Единственное, что сошло не совсем гладко, это визит в уборную! Когда мы встали из-за стола, Гари ненадолго исчез. Он, вероятно, наказывал тете Шалини, чтобы она в это время предложила мне прогуляться, но она не осмелилась. Когда я была у них в следующий раз, она уже преодолела свою застенчивость, но в тот первый вечер мысль, что я «там» не побывала, видимо, сильно беспокоила Гари. Где-то около половины одиннадцатого эта мысль и меня стала беспокоить. Я уж подумала, может, у них и нет такой уборной, куда, по их мнению, можно бы меня пригласить. Оказалось же, что такое помещение имеется, и даже на первом этаже, насчет второго не знаю. Унитаза не было, но тетя Шалини позаботилась поставить на скамеечку ночной горшок, которым я не решилась воспользоваться, и на столе, который, судя по всему, обычно там не стоял, приготовила таз и кувшин с водой, полотенца, мыло и ручное зеркало. Я там побывала, когда мы услышали, что подъехала тонга и Гари вышел на крыльцо. Я встала и спросила: «Можно где-нибудь попудрить нос на дорогу?» И тут она провела меня коридором мимо кухни, открыла дверь и включила свет. И сказала: «Вот пожалуйста, и на будущее имейте в виду». По полу бегали тараканы, но это меня не смутило. Лили при виде таракана визжит как зарезанная, а я, когда приехала в Индию, только в самом начале ужасалась, обнаруживая их в уборных и в ванных, а потом ничего, привыкла.
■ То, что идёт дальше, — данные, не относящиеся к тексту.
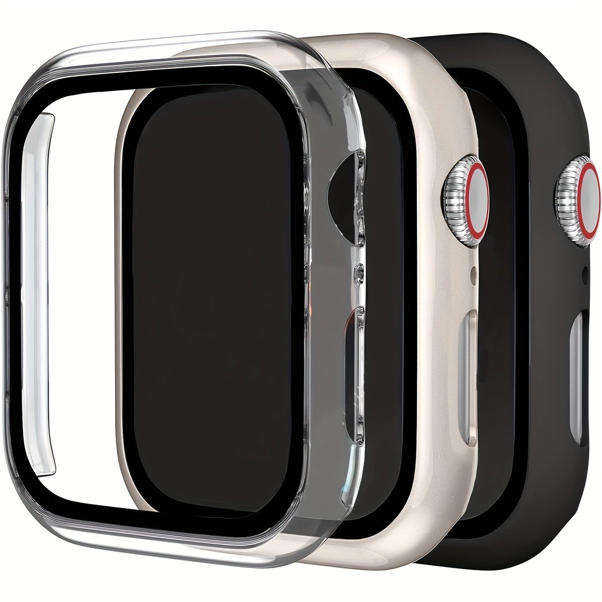 3Pcs For Apple Watch Case Set With Tempered Glass Screen Protector, Anti-Drop Fashion Casual Protective Cover, Compatible With For Apple Watch Series 38/40/41/42/44/45/46/49Mm, Smartwatch Accessories, Smartwatch Protection | Sleek Watch Case | Tempe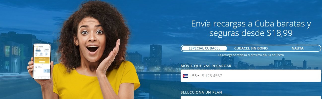 Entre esos servicios se halla la recarga Cubacel a un teléfono móvil en Cuba, con nuevos planes aún más ventajosos. Y la recarga Nauta para una cuenta de internet en Cuba.

Когда мы прощались, мне очень хотелось нагнуться и поцеловать тетю Шалини, но я побоялась, что это ее обидит. Гари пожелал обязательно проводить меня в тонге до самого дома, но в дом не вошел, хоть я и предложила ему выпить на сон грядущий. Мне кажется, он старался не сделать ничего такого, что можно выразить словами «Уф, с этим покончено, теперь можно и отдохнуть». Так что, когда он укатил, я села на веранде, всласть напилась холодного «нимбо» и стала ждать, когда вернется Лили.
* * *
На следующий день я послала к тете Шалини слугу с огромным букетом цветов и благодарственной запиской. Бхалу сильно разгневался на меня за опустошения, произведенные в саду, так что я дала ему немного мелочи и просила не жаловаться «мэм», на что он, старый плут, ответил широченной улыбкой. После этого он мог из меня веревки вить, как, впрочем, и я из него. Ведь мы оказались соучастниками в преступлении, – преступлении, потому что Лили всем слугам платила больше обычного, когда у нее кто-нибудь гостил, а сами гости на чай не давали, так было заведено. Лили он на меня больше не жаловался, но первого числа каждого месяца, получив жалованье, улыбался мне и кланялся, пока я не дам ему пару монет. На первую незаконную получку он купил себе новые сандалии и выглядел в них очень франтовато, но более, чем когда-либо, смахивал на черепаху – защитные шорты, шишковатые голые черные ноги, и эти огромные, военного образца сандалии постукивают по гравию. Сразу было видно, что ходить босиком ему удобнее, но сандалии льстили его самолюбию. Ведь в прошлом он работал садовником у какого-то полковника Джеймса в Мадрасе, и с тех самых пор домашний уклад полковника Джеймса остался для него эталоном красивой жизни, хотя он, мне кажется, понимает, что такой сад, как при доме Макгрегора, его прежним хозяевам и не снился, потому он, возможно, и решил, что этот сад – его личное владение, и ухаживает за ним из уважения не столько к Лили, сколько к Джеймсу-сахибу.
* * *
Заболталась я, тетечка, верно? Все откладываю ту минуту, когда надо будет писать о том, что тебя действительно интересует. Но это не пустая болтовня, ведь очень трудно отделить все хорошее и радостное от плохого и безрадостного. И понимаешь, что бы ни думали те, кто только наблюдал и выжидал, во мне-то все время нарастала радость.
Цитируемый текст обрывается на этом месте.